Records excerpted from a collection
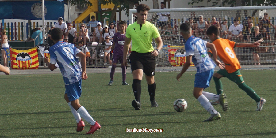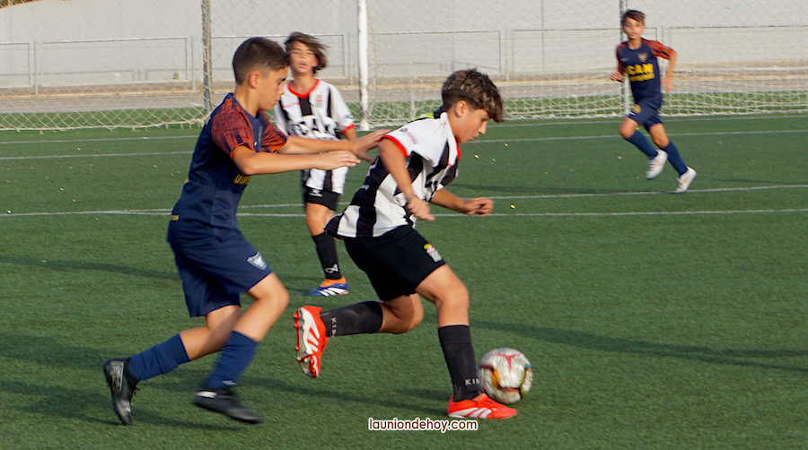 Las imágenes de este artículo ofrecen diversas escenas de partidos y equipos participantes, como Valencia CF, EF Catarroja, Cartagena FC, UCAM Murcia, FC Barcelona, Doble M, etc. en el campo de fútbol Miguel Expósito del polideportivo minero. Hoy comienzan las rondas finales, disputándose la final sobre la una de la tarde en Los Alcázares, aunque los partidos previos se disputarán tanto en ese terreno de juego como en La Unión.
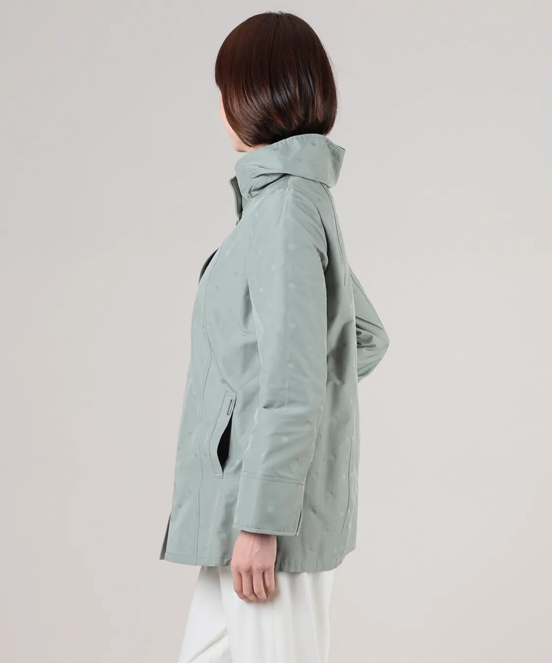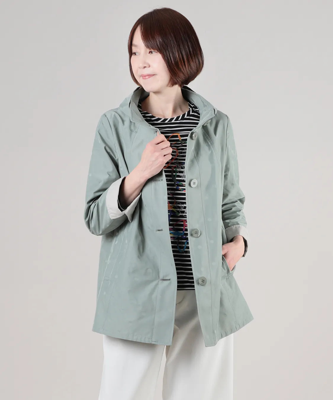 立体感のあるドットジャカード素材が上品な印象を与えるジャケット。
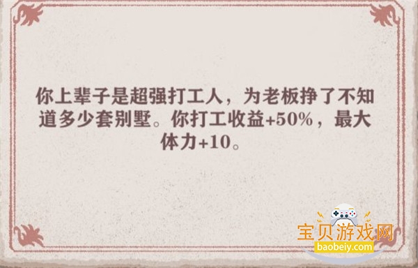 在低光环的情况下,属性不足,打工收益较低。狩猎之王可以在前期快速获得金钱,购买需要的物品。
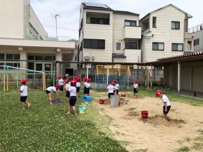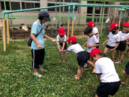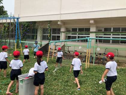 1年生が生活科で水あそびをしました。砂場での泥んこ遊びや、マヨネーズの空容器を水鉄砲にした的あてなど、夢中になって楽しんでいました。
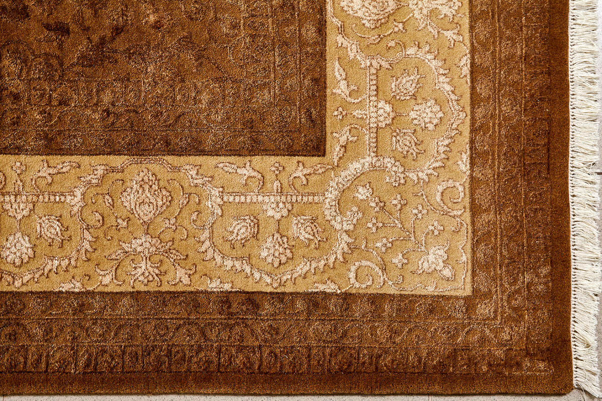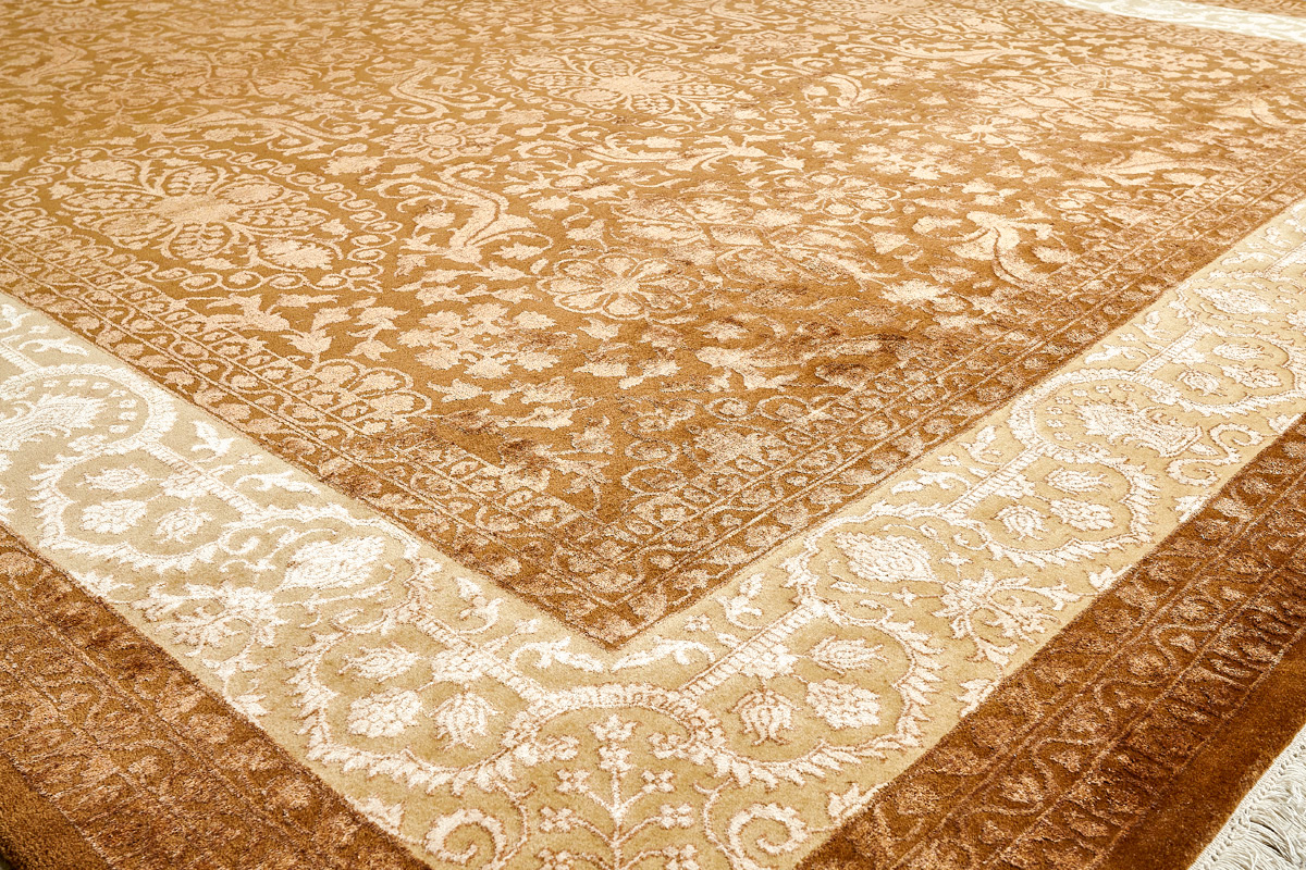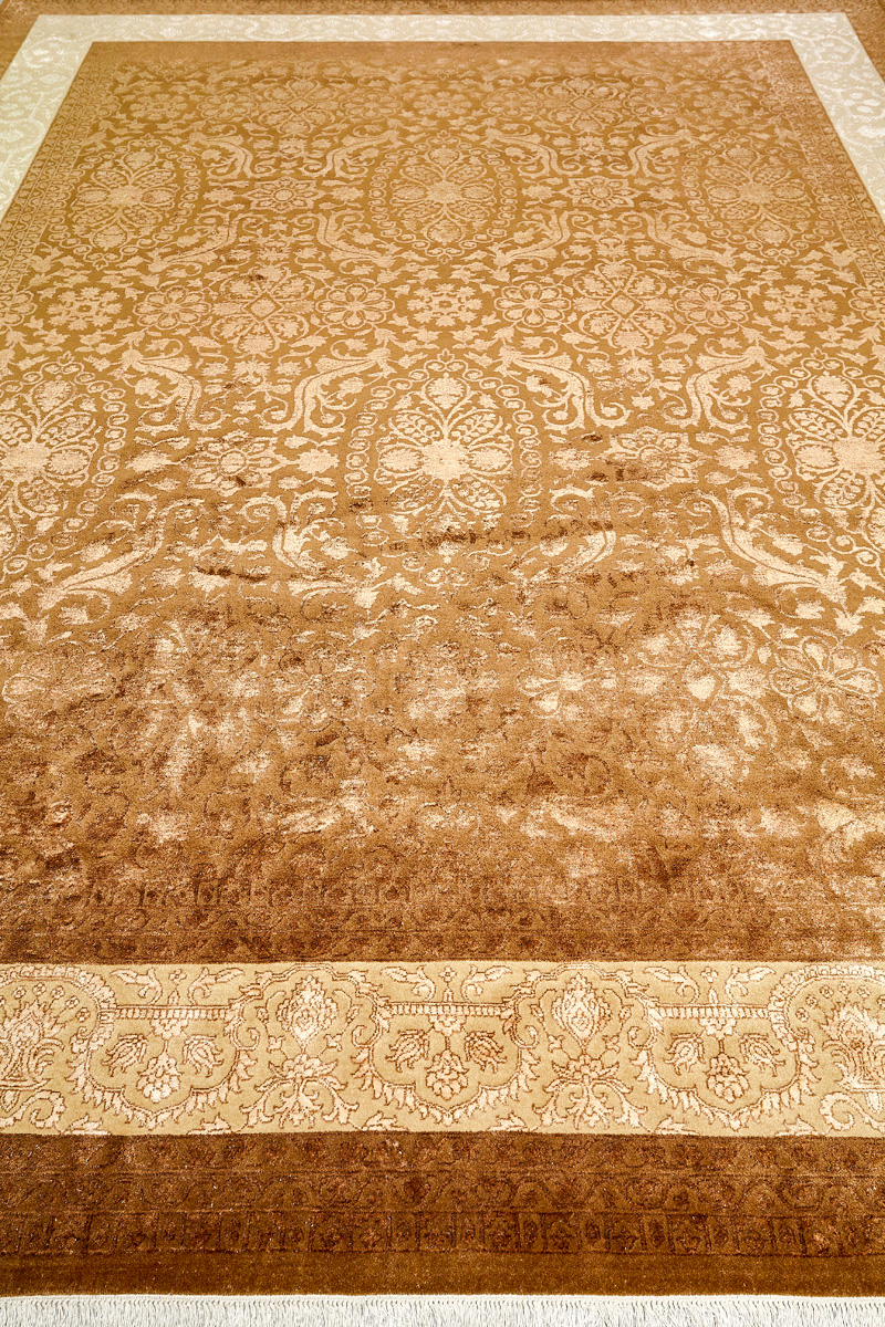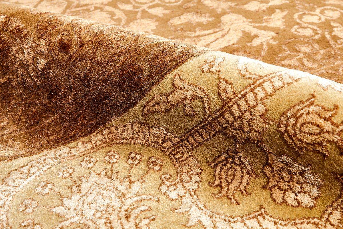 Каждый ковер в этой коллекции соткан вручную из шерсти и арт шёлка опытными индийскими мастерами.

Your objective — Only the text of the records above is to be reproduced, exactly as given; the pictures are dropped.

Answer —
 Las imágenes de este artículo ofrecen diversas escenas de partidos y equipos participantes, como Valencia CF, EF Catarroja, Cartagena FC, UCAM Murcia, FC Barcelona, Doble M, etc. en el campo de fútbol Miguel Expósito del polideportivo minero. Hoy comienzan las rondas finales, disputándose la final sobre la una de la tarde en Los Alcázares, aunque los partidos previos se disputarán tanto en ese terreno de juego como en La Unión.
 立体感のあるドットジャカード素材が上品な印象を与えるジャケット。
 在低光环的情况下,属性不足,打工收益较低。狩猎之王可以在前期快速获得金钱,购买需要的物品。
 1年生が生活科で水あそびをしました。砂場での泥んこ遊びや、マヨネーズの空容器を水鉄砲にした的あてなど、夢中になって楽しんでいました。
 Каждый ковер в этой коллекции соткан вручную из шерсти и арт шёлка опытными индийскими мастерами.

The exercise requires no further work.